Prenons l’exemple de la Macif de Lille – Montebello : le personnel a bénéficié d’une formation sur l’accueil des personnes en situation de handicap. Une formation dispensée par la société Tyresias sur une demi-journée et qui apporte aujourd’hui des résultats concrets à l’entreprise puisque cette dernière est notamment plébiscitée pour son accessibilité et la qualité de son relationnel.
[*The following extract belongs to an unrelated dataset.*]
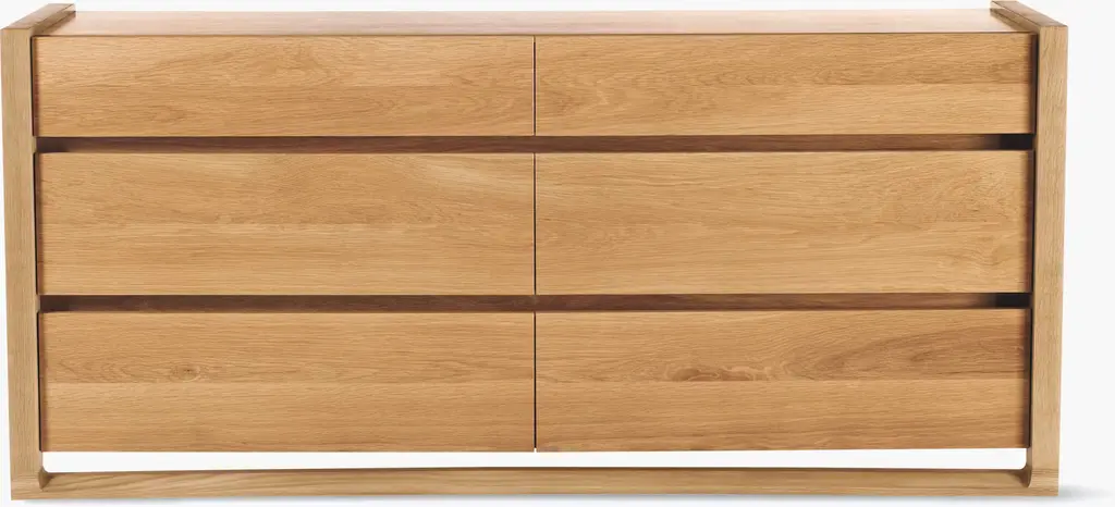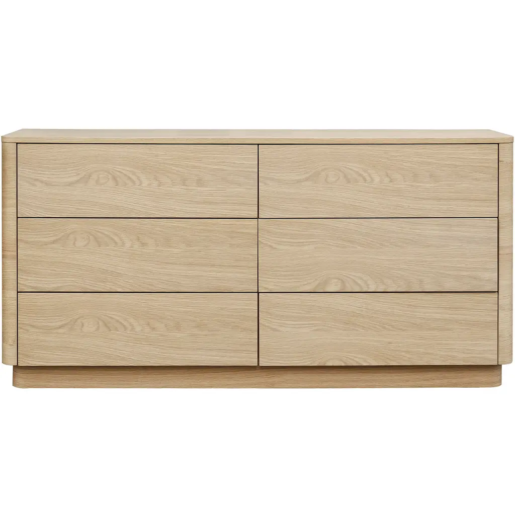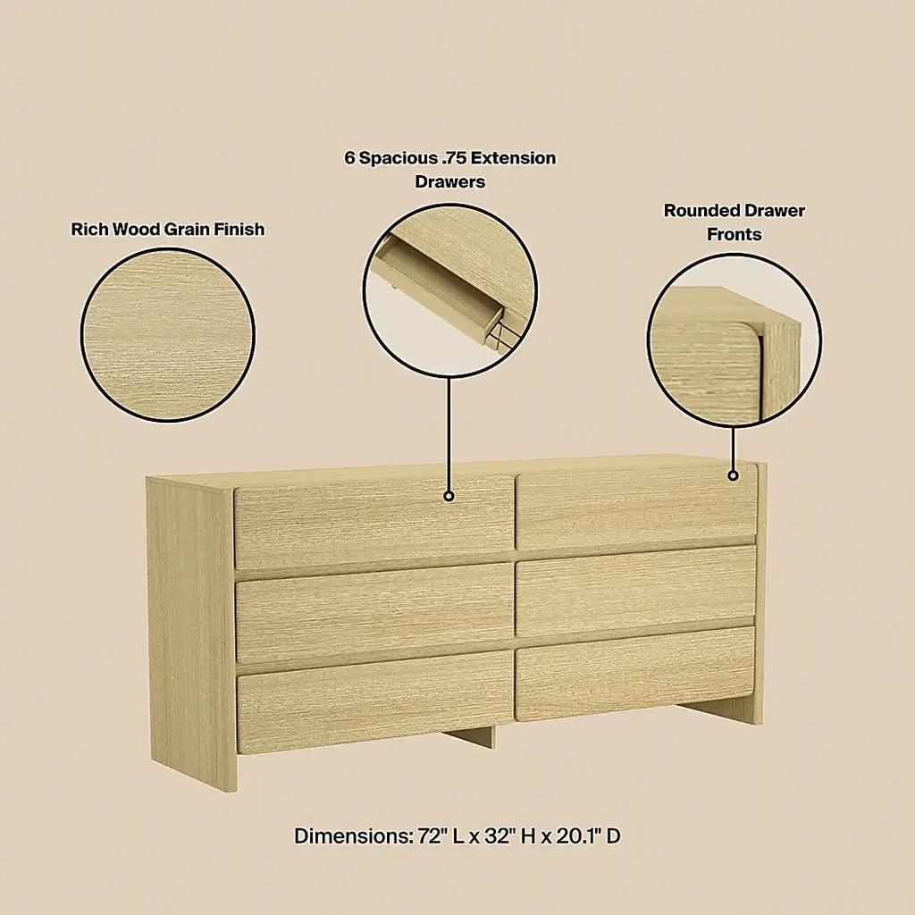 The Herosunny natural dresser blends clean lines with soft edges for a look that's both minimal and inviting. The subtle wood grain texture adds warmth and depth, while the seamless drawer fronts lend a clean, sculptural presence. Designed with versatility in mind, each piece offers functional storage that fits effortlessly in your bedroom. Customer assembly is required.

La société Apple s’illustre également par son accessibilité relationnelle : en effet, chacun de ses points de vente propose aujourd’hui un accueil spécifique aux personnes en situation de handicap ainsi que des ateliers de formation accessibles à tous les publics.
Le sensoriel
Le sensoriel est le dernier axe de communication par le biais duquel s’adresser à un public déficient visuel. L’objectif de ce canal est de pallier la déficience d’un sens, à savoir la vue, en instaurant une communication « pluri-sensorielle », c’est-à-dire une communication qui mobilise plusieurs de nos cinq sens.
La communication sensorielle repose en effet sur un principe simple : tous, nous avons au moins un sens en commun qui nous permet de communiquer. Aussi, la communication sensorielle vise à faire passer le même message, mais en le déclinant sur différents sens. On peut prendre pour exemple le tramway de Montpellier : afin d’indiquer aux usagers sur quelle ligne ils se trouvent, la compagnie a mis en place des indicateurs visuels mais a aussi développé une fragrance par ligne. Concrètement, cela signifie que l’on peut savoir rien qu’en respirant sur quelle ligne de tramway on se trouve.
Mettre en place cette communication suppose la création d’une identité sensorielle. Prenons le cas de la SNCF : la SCNF est immédiatement reconnue des utilisateurs grâce à son logo, mais aussi grâce à cette célèbre petite musique précédent chaque annonce. Il en va de même pour les parfums, qui sont reconnaissables certes à leur flacon ou à leur logo, mais aussi à leur odeur.
Travailler l’identité sensorielle, c’est qui plus est travailler l’image de marque de son entreprise, à condition de ne pas confondre cette identité sensorielle avec une démarche de marketing sensoriel. Cette technique marketing consiste en effet à solliciter plusieurs des cinq sens du consommateur afin de le séduire en accroissant son bien-être dans le but d’influencer favorablement l’acte d’achat. Les boulangeries Paul par exemple ont recours à cette stratégie en diffusant des odeurs de pains au chocolat dans la rue ou les gares, mais n’ont pas en revanche d’identité sensorielle.
Pour se rendre accessibles aux personnes malvoyantes, les entreprises doivent donc parvenir à créer une offre unique, mais agrémentée de réglages et options qui répondent aux divers besoins de leurs différentes cibles. L’objectif est donc de parvenir à décliner une approche universelle.
Ces cinq axes de communication que sont le print, le numérique, la signalétique, le relationnel et le sensoriel ne doivent pas être segmentés mais, au contraire, être appréhendés comme des axes complémentaires, décuplant le potentiel communicationnel de chacun.
Dans le même temps, il n’est pas nécessaire pour une entreprise d’avoir ces cinq axes pour être accessible. Même incomplète, l’accessibilité d’une société doit toujours être mise en avant afin de devenir un réel avantage concurrentiel et d’inscrire l’entreprise dans une démarche RSE.